I wanted to start this topic in order to put up some information about what the actual metrics are that are currently being used, and to hear from everyone about various pro’s and con’s of each. I think the question of whether we should measure, and the implications of measurement (gaming, altering research behavior and so forth) certainly deserves it’s own topic, however the fact is that we do measure and so we ought look closely at the measures that we use.

There are a number of discussion across NN on the topic of impact factors,

see H-index and self citation.

Impact factor revolution.

Impact Factor

The impact factor is the most influential metric. It was created in an ad-hoc way by Eugene Garfield in the mid 1950’s. It’s not been altered since. There is a reasonable
Wikipedia article about it and a good plos editorial discussing some of the problems with how it is calculated.

The calculation is done as follows:
A = the number of times articles published in 2001-2 were cited in indexed journals during 2003

B = the number of “citable items” (usually articles, reviews, proceedings or notes; not editorials and letters-to-the-Editor) published in 2001-2

2003 impact factor = A/B

(note that the 2003 impact factor was actually published in 2004, because it could not be calculated until all of the 2003 publications had been received.)
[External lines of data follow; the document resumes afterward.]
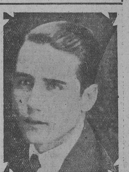
Secretario de la municipalidad

mente a las autoridades municipales. Como se ha dicho al principio, inconvenientes que escapan a la órbita de acción de la comuna, han trabado en toda forma la realización de proyectos que habrían significado un visible progreso edilicio.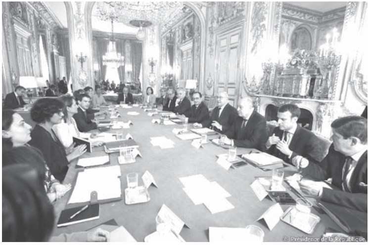
EU議会の様子

6月23日に英国でEUへの加盟継続の可否を問う国民投票が行われた。背景にあったのは、EUが政治経済の国家統合を加速しようとしていたことだった。 EUの目標は、発足以来、加盟する諸国の国家主権を剥奪してEUに集中し、EUを事実上の「欧州合衆国」にすることだった。 欧州大陸の2大国であるドイツとフランスは、歴史的に欧州大陸の覇権を争い続けてきたが、第2次大戦後、米国の提唱で独仏が国家統合していったことで欧州を安定した強い地域にする計画がEUのECとして進められ、冷戦終結で東西ドイツが再統一するとともに、欧州の国家統合計画が加速した。 92年のマーストリヒト条約で通貨と財政の統合を決め、02年からユーロが流通したが、2011年に英米投機筋がユーロを破壊する目的で引き起こしたギリシャ危機が始まったあたりから、国家統合が進まず逆にEUが崩壊しそうな流れになった。 欧州大陸を安定した強い地域にしたい独仏と対照的に、欧州の沖合にある島国の英国は、昔から大陸諸国が強くなること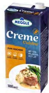
Creme Cuisine 15% 12x1 kg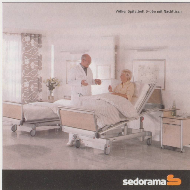
Völker Spitalbett S-960 mit Nachttisch

Mitglied der Fachhochschule Ostschweiz FHO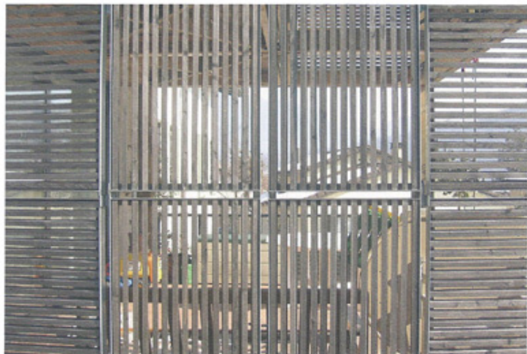
particolare struttura in legno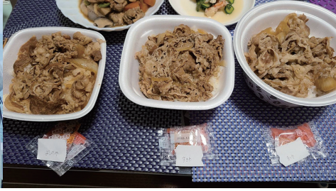
コロナ禍での密かな楽しみ（牛丼の食べ比べ）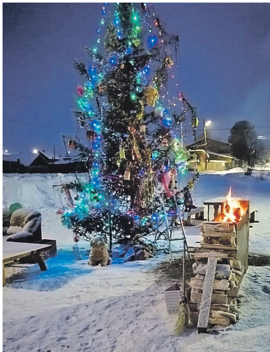
Не бог весть какая красота, но местным жителям это местечко нравилось - обустроили его всем селом.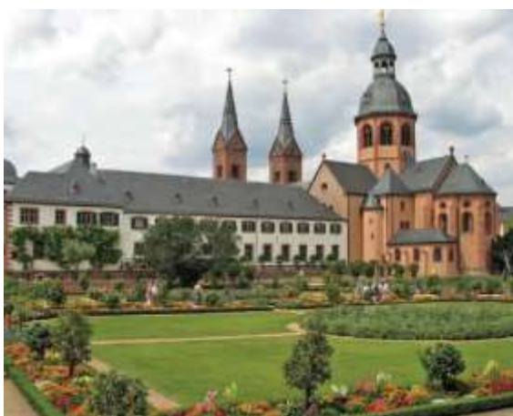
Die Seligenstädter Basilika mit Klostergarten

Karls des Großen – brachte die Gebeine der 304 in Rom gestorbenen Märtyrer Petrus und Marzellius von Steinbach bei Michelstadt nach Obermühlheim. Ihnen zu Ehren baute er eine große Basilika. Der Baubeginn war in den Jahren 831-834. Die Basilika wurde im 13., 18. und 19. Jh. umgebaut. 1953 wurde das ursprüngliche Bauwerk wiederhergestellt. Das „Rote Schloss“ ist ein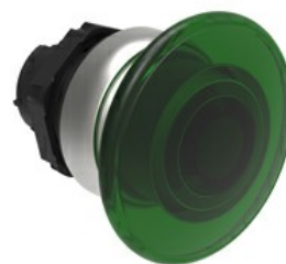
Operatore pulsante luminoso a fungo, ad impulso Ø 40mm LPCBL61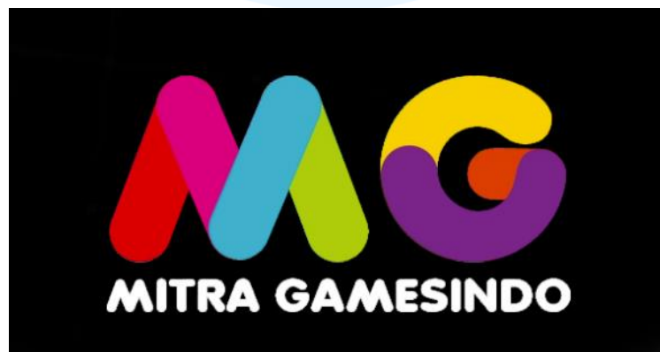
Gambar 2.1 Logo CV Mitra Gamesindo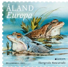
Europa – Uhanalaisia lajeja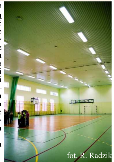
fol. R. Radzik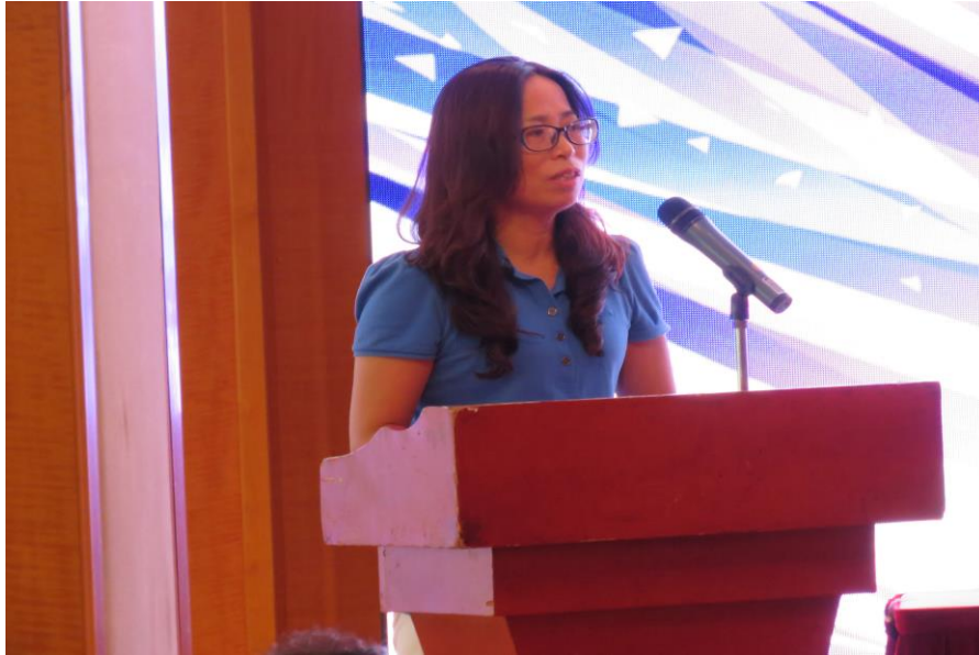
孙丽英副巡视员致辞

次会议的召开势在必行。孙丽英副巡视员则对《中医药法》进行了全面的阐释，她表示，《中医药法》的颁布对中医药事业发展具有里程碑的重要意义，它从法律层面明确了中医药的重要地位、发展方针和扶持措施，为中医药事业发展提供了法律保障。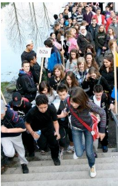
>de bovenbouw gaat van start

One of the big issues is that ‘citable items’ is not well defined. Another issue is that it measure not individual contributions, but some kind of an aggregate score for a journal. This may well have been a major cause for the rise of strong stratification in the journal market. A journal’s impact factor will tend to be driven by the top 10% most cited articles. That’s a rule of thumb, but it’s stacked up pretty well in most cases that I have looked at closely.

H-Index, or Hirsh-index

This has become a topic of much discussion recently. I think for a few main reasons. It is that it is very easy to calculate. It represents and individual’s contribution. It just seems to make sense when you understand what it is. It was proposed by a physicist Jorge E. Hirsch (who will forever now be probably be more remembered for this contribution than for any physics he does).

It is calculated thusly:

A scientist has index h if h of his Np papers have at least h citations each, and the other (Np – h) papers have at most h citations each

You list all of your publications in order of citation, from highest to lowest. Running down the list, the point at which you position on the list drops below the number of citations for that paper is your hirsch index. So for example if you only have three publications and they all have more than three citations, no matter how many citations they have, your h index will only be three. In contradistinction, if you a thousand publications, but each is only cited once, then your hirsh index will be one. It is a measure which tries to balance depth of contribution with volume. Average h indexes for tenured faculty tend to be in the tens. Most Nobel laureates have an h index somewhere in the 80’s, and the person with the greatest h index is Edward Witten with an h index exceeding 130 (confirming him, by this metric, to be the true reincarnation of Einstein himself). If you are interested you can go and look up your own h-index here.

Mathematics of Networks

Google’s page rank takes a random walk over the nodes of a network and measures the liklihood, given the link structure of the network, of arriving at a paticular node (hence the appearance of spam pages filled with self-links over the last number of years). At the moment all academic papers are not ‘googleable’, and we cannot freely ride the citation graph, but we are getting there. There is hardly any doubt in my mind that when this becomes not only simple to do, but also simple to program against, a slew of network metrics will be instantly calcuable on the graph. There are many different type of measurements that one can do on such a graph, but rather than describe them here myself, there is a group actually working on this. This is the MESUR group at Los Alamos. You can see the slides from a recent talk.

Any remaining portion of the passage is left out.